‘Darling,’ I asked, ‘In your day did they call them specialities or specialties?’
‘Darling,’ I asked, ‘In your day did they call them specialities or specialties?’ ‘Do you know,’ replied my husband, ‘I can’t remember.’ So that’s his last useful function gone.
I was asking because, in a discussion of hospital posts for young doctors, the news kept referring to specialties, and I itched for specialities. Fowler’s Modern English Usage confirms that specialty is used especially in North America, but also in Britain, in the two chief senses of ‘a special pursuit’ and ‘a special feature or skill’. But the Oxford Guide to English Usage says that specialty is ‘restricted to North America’.
What then of other optional syllables: orient or orientate; burgle or burglarise?

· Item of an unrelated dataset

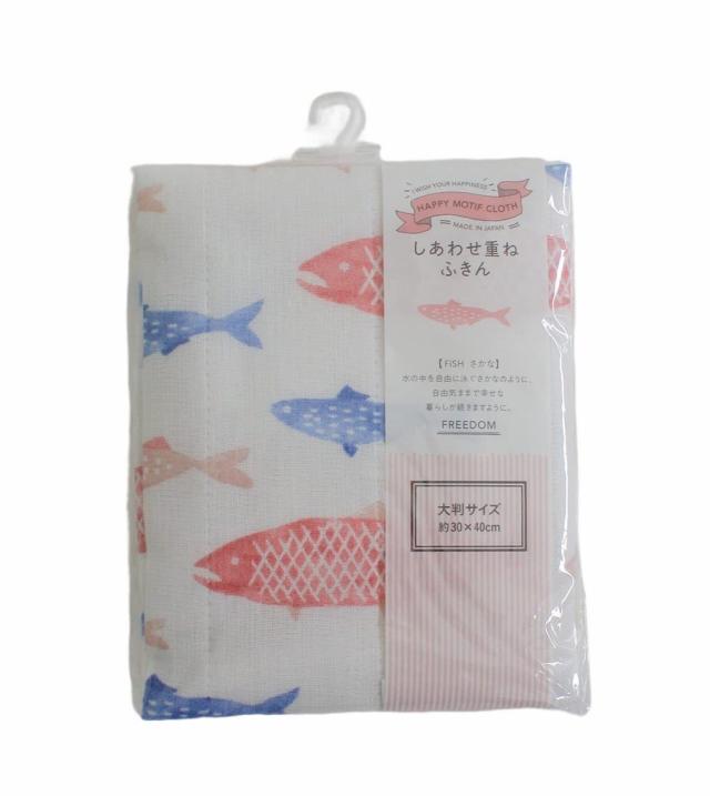 藤栄(FUJIEI) ハッピーモチーフ しあわせ重ね ふきん さかな 大判 30×40cm KF-011 キッチン テーブル 食器 食器用 洗える 台ふきん ダス

We tend to think that we are given to irrational hatreds of Americanisms, but Americans have mirror-image distastes for British usages. ‘At best, orientate is a back-formation used humorously to make the speaker sound pompous. The correct word is the verb orient,’ says a helpful language website made in America. It is quite wrong.
‘In the perverse way in which such things often happen,’ wrote good old Robert Burchfield in his edition of Fowler, ‘these two verbs drawn from the same base (French orienter, ‘to place facing the east’) have fallen into competition with one another in the second half of the 20th century’. It still continues.
Orient came into English in the middle of the 18th century; orientate 100 years later. But there is no need to invoke ‘back-formation’. Orientate corresponds to orienter as or felicitate does to féliciter.
The mechanism of back-formation did operate in the coinage of burgle. The word burglar, itself a strange law-Latin term, had been around since the 13th century (‘Murdritores & robbatores & burglatores,’ wrote Bracton.